The cryptocurrency world continues to lack regulations that can help it function efficiently and this has been a hurdle not just for transacting in virtual currency but also when it comes to holding it. The United States Internal Revenue Service [IRS] recently announced that it was preparing to make another move towards taxing cryptocurrencies. However, the blurry regulations at the moment have left many users confused about the tax rules that are likely to be levied on staking.
Staking is a process through which a user receives digital currency in exchange for holding tokens for a period of time. As the cryptocurrency Ethereum moves towards a Proof of Stake [PoS] system, the need for clear guidelines arises as users are still confused about the treatment of staked coins. According to a six-year-old notice from the IRS, cryptocurrency was classified as a property and it clarified that the miner tokens are to be taxed as ordinary income when they are received.
However, the government has not clarified its stance on staked crypto and according to Wendy Walker, a Solutions Principal at software company Sovos Compliance LLC, noted there may be tax obligations for staking upon receipt of new crypto or during sale or exchange of these cryptos, but the users are not clear on the specifics.
“If I hold my assets with you in your exchange and you give me additional property in exchange for that, when is that taxable? This is an example of a reporting issue where a taxpayer has to make a decision about how to treat the transaction and [must] report it for tax purposes without having any guidance.”
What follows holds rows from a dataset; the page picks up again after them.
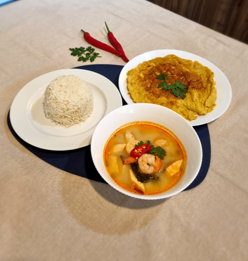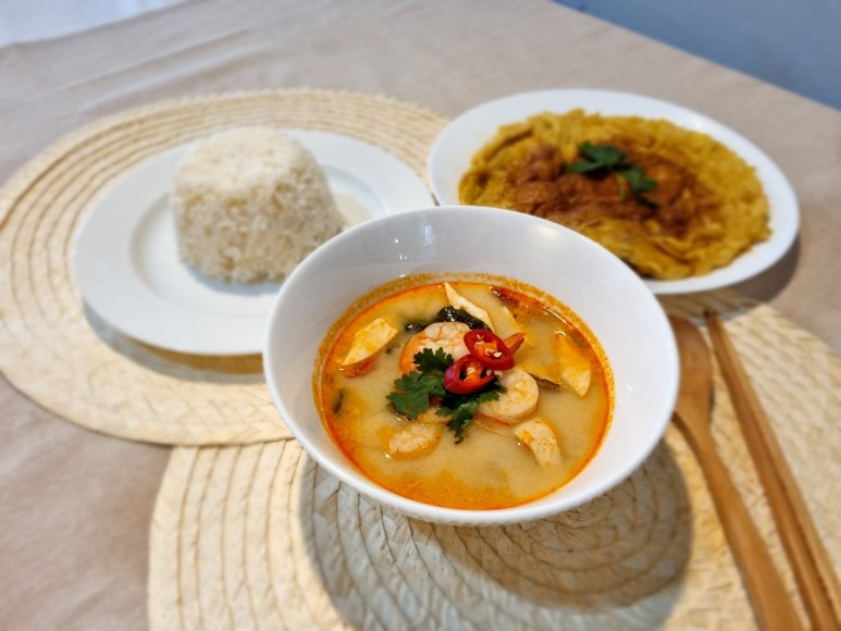 근데 혹시 태국 사람들이 집에서 먹는 음식이 궁금하지 않아요? 저희 마이컬차이즈에서는 태국에서 온 “뷔” 선생님이 집에서 즐겨 먹는 음식으로 쿠킹 클래스를 운영하고 있습니다. 첫 번째 메뉴는 여러분이 아시는 ‘똠양꿍’과 ‘카이티아오’라는 태국식 오믈렛입니다.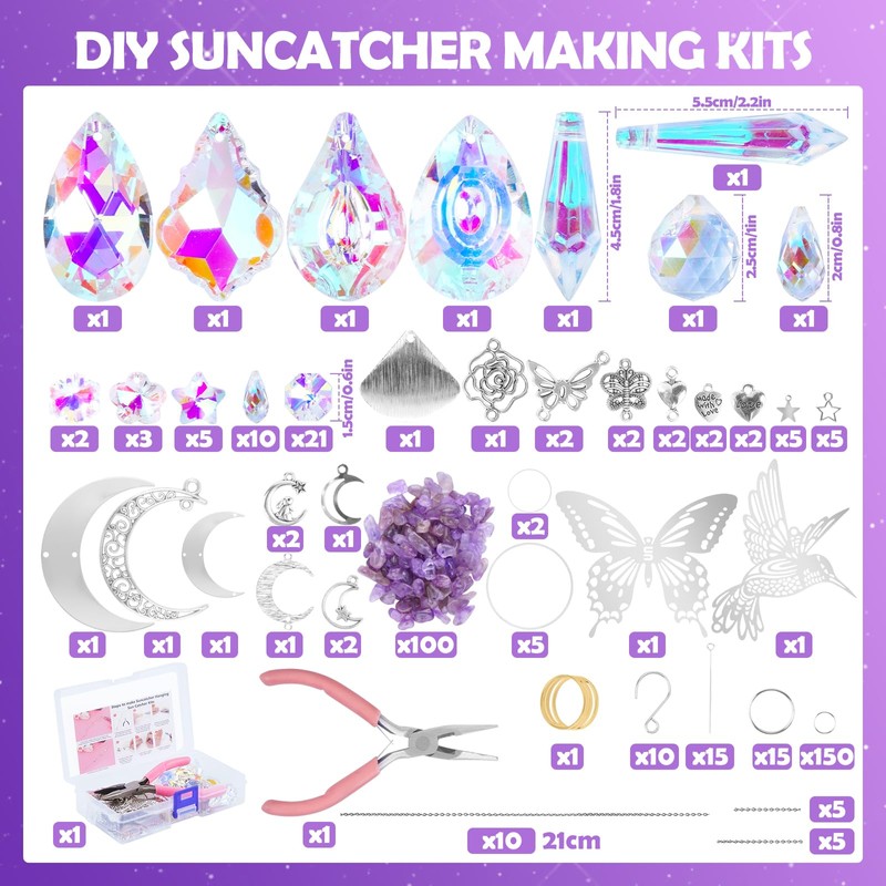- DIY suncatcher kit contains: 400 accessories with a selection of crystal beads, crystal pendants, purple crystals, metal hummingbird roses, a selection of moon, star and heart metal decorations and tools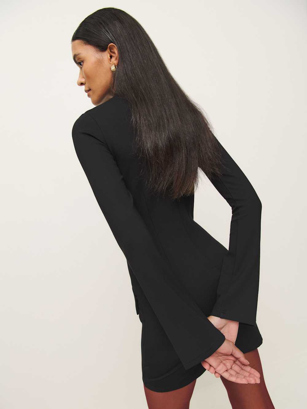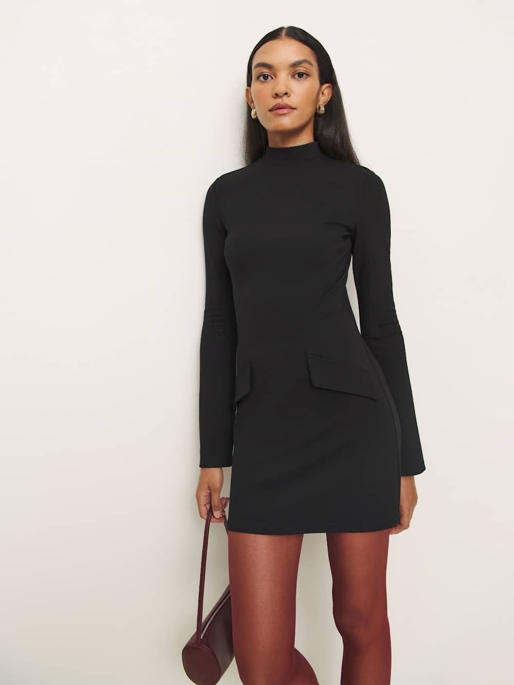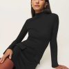 How classic. Shop the Atlas Knit Dress from Reformation, a long-sleeve mini dress with a mock neckline and front pockets.
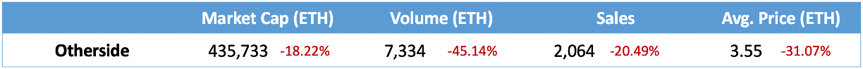 Otherside’s total land cap sunk 18.2% this month to round out the month at 435,733 ETH, dropping below half a million ETH for its first time. Following a 22% increase in its average ETH price in July (a month in which ETH rose 54%) things corrected this month, as trading activity had a significant drop. Top sales of prized Otherdeeds have been dropping off of late, with August seeing just 3 sales above 50 ETH, down from 5 in July and over 10 in June.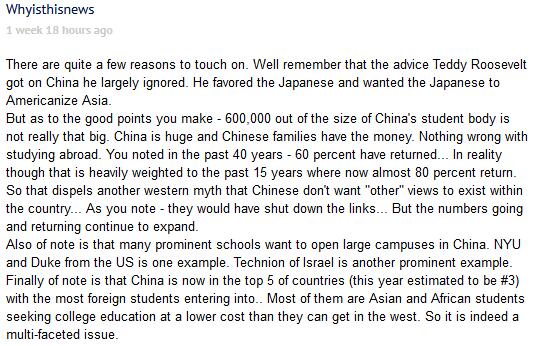 Whyisthisnews:我想到了好幾個原因。記得西奧多·羅斯福總統並沒有把愛德蒙·詹姆斯校長關於中國的建議放在心上,羅斯福更喜歡日本人,他希望日本人能幫助美國控制亞洲。關於作者提到的幾點,我想相對於中國學生龐大的規模來説,60萬人並不是一個很大的數字。中國是一個巨大的國家,中國家庭也有這個經濟實力,送孩子到國外留學並沒有什麼可指摘的。作者在文中也提到了,在過去40年裏,60%的留學生已經回到了中國。實際上,如今有80%的中國留學生都會選擇回國(這是過去15年裏的發展趨勢)。這戳破了西方另一個謊言,即“中國人不喜歡自己的國家裏存在不同的聲音”。正如作者指出的,中國本可以切斷這條外國對中國施加影響的管道,可中國並沒有那樣做,出國留學與學成歸國的人數都在持續增加。我注意到的另一個現象是,很多著名大學都希望在中國開設分校。美國的紐約大學和杜克大學就是典型的例子,另外以色列理工學院也已經這樣做了。最後值得一提的是,中國如今已躋身外國學生最喜歡的留學目的地全球前五名(預計今年可以排到第三位)。到中國留學的最大羣體來自亞洲和非洲,他們希望能到比西方費用更低的國家接受大學教育。所以説,這個問題其實有很多側面。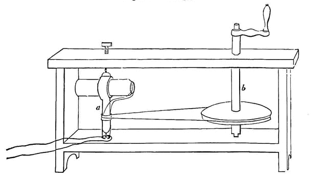 Per fare ciò confrontò i risultati dell’esperienza che aveva proposto nella prima parte della memoria con quella che proponeva ora e che consisteva nel cambiare il meccanismo di rotazione dell’elettromagnete all’interno del tubo di vetro con un sistema meccanico che permettesse di misurare il lavoro fatto con notevole precisione in sostituzione della manovella. Due cordicelle sottili, avvolte intorno ad un cilindro e passanti su due pulegge, erano in grado di far ruotare il medesimo cilindro mediante la caduta di pesi sospesi alle loro estremità. Questo era il sistema che egli utilizzò per sostituire la manovella della precedente esperienza (figura seguente).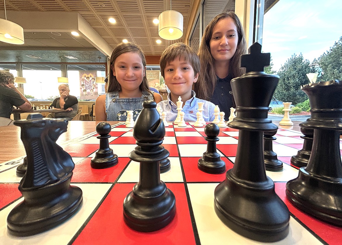 Leo Grace, 7, and sisters Sophia and Serena will be in the Barn Burner Chess Tournament on Saturday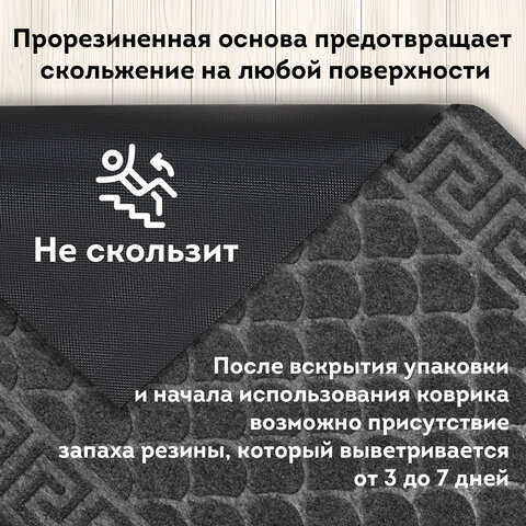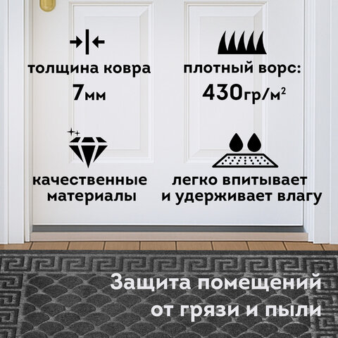 Коврик придверный 60х90 см, ЧЕРНЫЙ, грязезащитный, 430 г/м2, фактурный рисунок АЛМАЗ, ЛЮБАША, 701054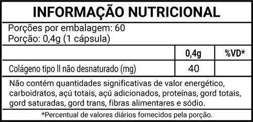 Colágeno de frango com colágeno tipo II não desnaturado, silicato de magnésio (INS 553i), dióxido de silício (INS 551). Composição da cápsula: gelatina, dióxido de titânio, azul brilhante FCF e vermelho Allura AC.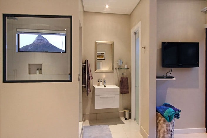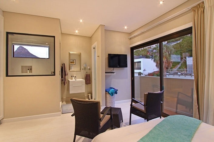 Mountview suite is a 1 bedroom suite (measuring approx. 35 square metres) with its own entrance, and spans out onto a small balcony with mountain views (including Lions Head, Table Mountain and the cable car, and the 12 Apostles). It sleeps two and features a spacious bedroom with queen size bed, separate bathroom with a large shower. Comfortably furnished, with an open plan lounge / dining area that slides open onto a balcony overlooking the mountain.

As staking is not discussed in the Notice 2014-21 nor in the updated October guidance from the IRS, the taxpayers have been witnessed to take a more aggressive approach. The users have been reporting staking rewards only when the asset has been disposed of, to report capital gains. In 2018, the American Institute of Certified Public Accountants asked the IRS to clarify that cryptocurrency received from staking should be treated as ordinary income, the same way coins from mining are treated. In the letter, the AICPA said to the IRS that any act of participation to secure currency in exchange for expecting a cryptocurrency reward should be treated as ordinary income and any expenses related to staking should be allowed to be deducted as ordinary expenses.
Nonetheless, it has been difficult to identify new wealth when it comes to staking. If a person received a new coin from staking, then that person has new wealth that should be treated as ordinary gross income as per the IRS. A report based on this confusion around staking noted:
“If cryptocurrency received from staking is treated as ordinary income, holders still don’t know whether to report the cryptocurrency as rental income or other income on Form 1099-MISC”
Even though both categories are treated as ordinary income, deductions and exceptions for rental income are not the same as those for “other income.” Thus, under such confusing rules around taxing the crypto incomes, the IRS may have to clarify its guidelines by including the tax on staking cryptos.